Search code examples
javahtmljsoup

How to prevent Jsoup from erasing angle-brackets inside text when parsing


I am trying to parse only the texts of an html document which contains angle-brackets as part of text.

For example, the html file would look something like this:

<html>
 <head></head> 
 <body> 
  <div>
    <p>1. <someUnicodeString></p> 
    <p>2. <foo 2012.12.26.></p> 
    <p>3. <123 2012.12.26.></p> 
    <p>4. <@ 2012.12.26.></p> 
    <p>5. foobarbar</p> 
  </div>
 </body>
</html>

I want the outcome of the parsed textfile to be like this:

1. <someUnicodeString> 
2. <foo 2012.12.26.> 
3. <123 2012.12.26.> 
4. <@ 2012.12.26.> 
5. foobarbar

I am using Jsoup's parse function to achieve this as shown below,

Document doc = null;

try {
    doc = Jsoup.parse(new File(path), "UTF-8");
    doc.outputSettings(new Document.OutputSettings().prettyPrint(false));
    doc.outputSettings().escapeMode(EscapeMode.xhtml);

    //set line breaks in readable format
    doc.select("br").append("\\n");
    doc.select("p").prepend("\\n\\n");
    String bodyText = doc.body().html().replaceAll("\\\\n", "\n");
    bodyText = Jsoup.clean(bodyText, "", Whitelist.none(), new Document.OutputSettings().prettyPrint(false));

    File f = new File(textFileName+".txt");
    f.getParentFile().mkdirs();
    PrintWriter writer = new PrintWriter(f, "UTF-8");
    writer.print(Parser.unescapeEntities(bodyText, false));
    writer.close();
} catch(IOException e) {
    //Do something
    e.printStackTrace();
}

However once Jsoup goes through the parsing process, it adds tags for each angle-bracket followed by characters.

<p>1. <someUnicodeString></someUnicodeString></p> 
<p>2. <foo 2012.12.26.></foo></p> 
<p>3. <123 2012.12.26.></p> 
<p>4. <@ 2012.12.26.></p> 
<p>5. foobarbar</p> 

Eventually producing the outcome

1.  
2.  
3. <123 2012.12.26.> 
4. <@ 2012.12.26.> 
5. asdasd 

How can I prevent Jsoup from erasing angle-brackets inside text when parsing?

Or is there a way to make Jsoup to recognize that certain angle-brackets are not html elements? (perhaps using regex?)

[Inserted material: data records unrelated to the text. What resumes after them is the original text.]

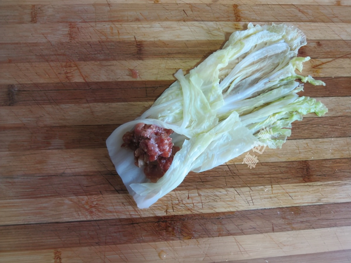 白菜的梗子要切掉了。不然包裹不上肉馅。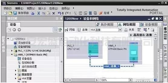 雙擊項(xiàng)目視圖中的“設(shè)備和網(wǎng)絡(luò)”,打開網(wǎng)絡(luò)視圖。單擊“連接”按鈕,自動選中“HMI連接”。用拖拽的方法連接HMI和PLC的PN接口,自動生成HMI_連接_1。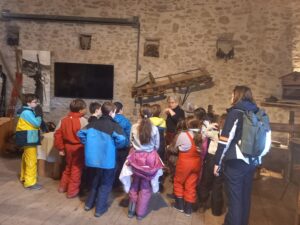 Ce matin nous sommes allés à Aussois visiter la maison du patrimoine ” L’Arche d’Oé”. C’est une maison entretenue par des bénévoles sur l’histoire de la montagne et en particulier de ceux qui y vivaient. On a pu voir comment ils vivaient quand il n’y avait ni eau, ni électricité et beaucoup plus de neige qu’aujourd’hui.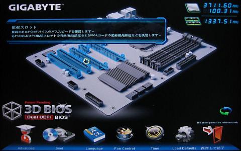 3Dモードとアドバンスモードがあり、3DモードはインタラクティブなGUI画面で分かりやすい操作が可能でアドバンスモードはより広範囲な設定が出来オーバークロッカーやパワーユーザー向けのUEFI環境だそうです。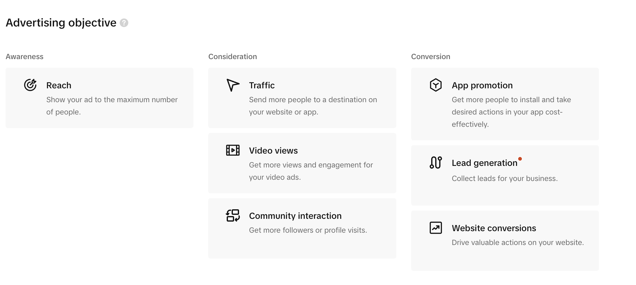 Válaszd ki a kampánycélod! Ilyen lehet a forgalmad növelése, a márkád ismertebbé tétele vagy az alkalmazásod letöltése. A TikTok alapértelmezetten “traffic” típusú hirdetést javasol, ám ez csak weboldal-forgalmat fog generálni. Ha inkább termékeladásra törekszel, akkor a “conversion” kampánytípust kell kiválasztanod.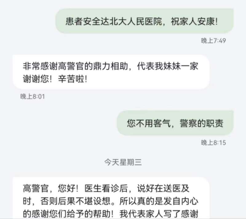 次日上午,柳女士发来短信告知她妹妹的情况,“医生看诊后,说好在送医及时,否则后果不堪设想。真的是发自内心地感谢你们给予的帮助,我代表家人写了感谢信。”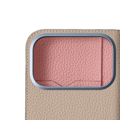 iPhone 17 Pro Diary Case Shrink Leather (Greige × Coral Pink)
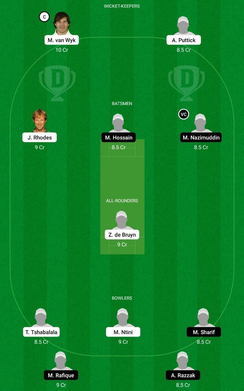 Fantasy Suggestion #1: M van Wyk, A Puttick, M Nazimuddin, M Hossain, J Rhodes, Z de Bruyn, M Rafique, T Tshabalala, M Ntini, A Razzak and M Sharif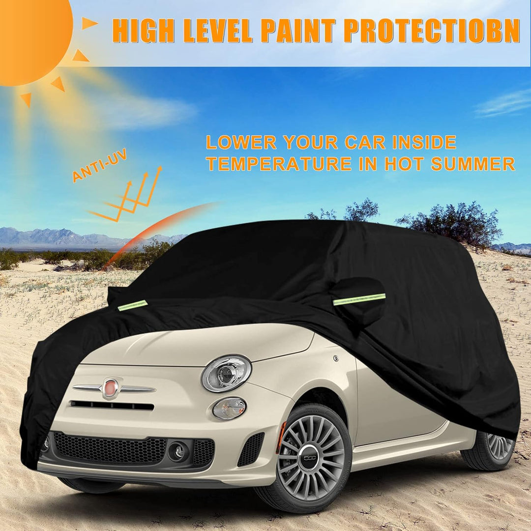 - Custom Fit:Unsere wasserdichte Allwetter-Autoabdeckung passt perfekt für Fiat 500/500C/500E/Abarth 500 2007-2022, bitte überprüfen Sie Ihr Automodell vor dem Kauf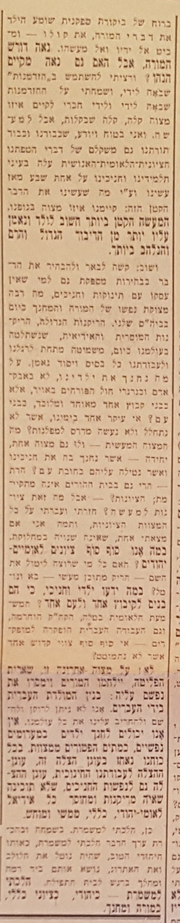 לא! על מצוה אחרונה זו, שארית הפליטה, יילחמו המורים וימסרו את נפשם עליה: בנין המולדת העברית בידי העברים. אנו לא ניתן לרוקן ולהשם ולהחריב עלינו את כל עולמנוץ אין אנו יכולים לחנך ילדים במערומים נפשיים, כמתים הפטורים ממצוות. בכל כוחנו נאחז בעוגן הצלה זה, עוגן--ההצלה לעבודתנו החינוכית, עוגן ההצלה גם לנפשות החניכים, שלא תוכינה שאיה מריקנות ומחוסר כל אידיאל לאומי-יהודי, כללי, ממשי ומוחש.
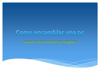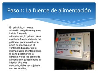 El documento describe los 9 pasos para armar una computadora desde cero. Estos incluyen 1) montar la fuente de alimentación, 2) colocar el procesador en la motherboard, 3) fijar la motherboard al gabinete, 4) agregar la memoria RAM, 5) conectar cables a la motherboard, 6) agregar placas adicionales, 7) conectar dispositivos de almacenamiento, 8) organizar los cables, y 9) conectar periféricos y energía para probar la computadora.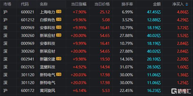 龙虎榜单日净买入额前三为安泰科技、新莱应材、蓝黛科技,分别为2.84亿元、2.84亿元、1.60亿元。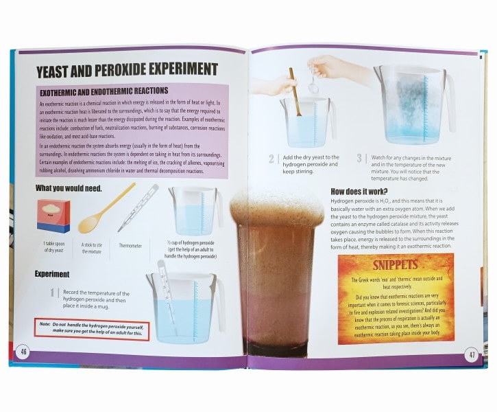 Description : Learn about magnetism with a magnet maze, discover how tall you are using your own feet, and find out about colour mixing with jelly! Jam-packed with fun and exciting experiments, which can easily be performed at home, this book is the perfect introduction to science for inquisitive readers age 5 and up. Children will love the book because it is hands-on and entertaining, and parents will love the book, too, because of its educational value. All of the experiments can be safely performed at home with readily available items found around the house and pantry. Because of the fun and appealing design, kids will want to start experimenting right away!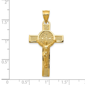 Celebrate and honor all special occasions with jewelry of religious significance! Our collection of spiritually inspired designs that show faith, hope and devotion are perfect for commemorating life's milestones. This medium San Benito crucifix cross (Spanish, St. Benedict), patron saint of Europe, students and agricultural workers, crafted in 14k yellow gold features a solid, 2-sided, polished design. The approximate size is 19mm (3/4 inch) in width by 32mm (1 1/4 inch) in length with the bail. This item does not include a chain.
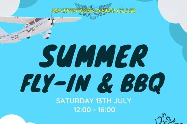 Waterford Aero Club are delighted to announce that their annual club Fly-In and BBQ will take place on July 13th from 12:00 – 16:00. All visitor landing fees have been waived for the day, courtesy of Waterford Airport. Please advise aircraft registration, type and visitor numbers to waterfordacflyin@gmail.com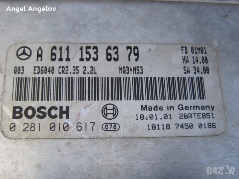 Компютър запалване ECU A6111536379 BOSCH 0281010617 ​за Mercedes Sprinter 2.2 220 CDI , снимка 1 - Части - 42789179 Компютър запалване ECU A6111536379 BOSCH 0281010617 ​за Mercedes Sprinter 2.2 220 CDI , снимка 2 - Части - 42789179 1/2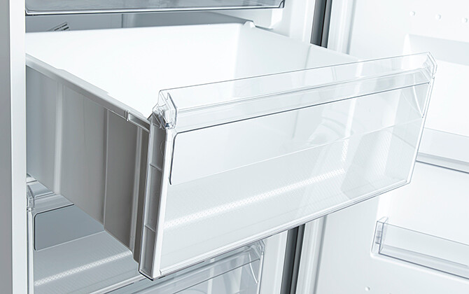 Передние панели всех корзин изготовлены из прозрачного пластика, что обеспечивает хороший обзор всего содержимого без выдвижения корзины

I am new to Jsoup and would very much appreciate any kind of help. Thank you.


Solution

  • Thanks to the comment of Davide Pastore, and the question "Right angle bracket in HTML"

    I was able to solve the problem with the following code.

    doc = Jsoup.parse(new File(path), "UTF-8");
    //replace all left-angle tags inside <p> element to "&lt;"
    Elements pTags = doc.select("p");
    for (Element tag : pTags) {
        //change the boundary of the regex to whatever suits you
        if (tag.html().matches("(.*)<[a-z](.*)")) {
            String innerHTML = tag.html().replaceAll("<(?=[a-z])", "&lt;");
            tag.html(innerHTML);
        }
    }
    

    If you go through the process of converting "<" in text to < before you start parsing, you will be able the get the right output.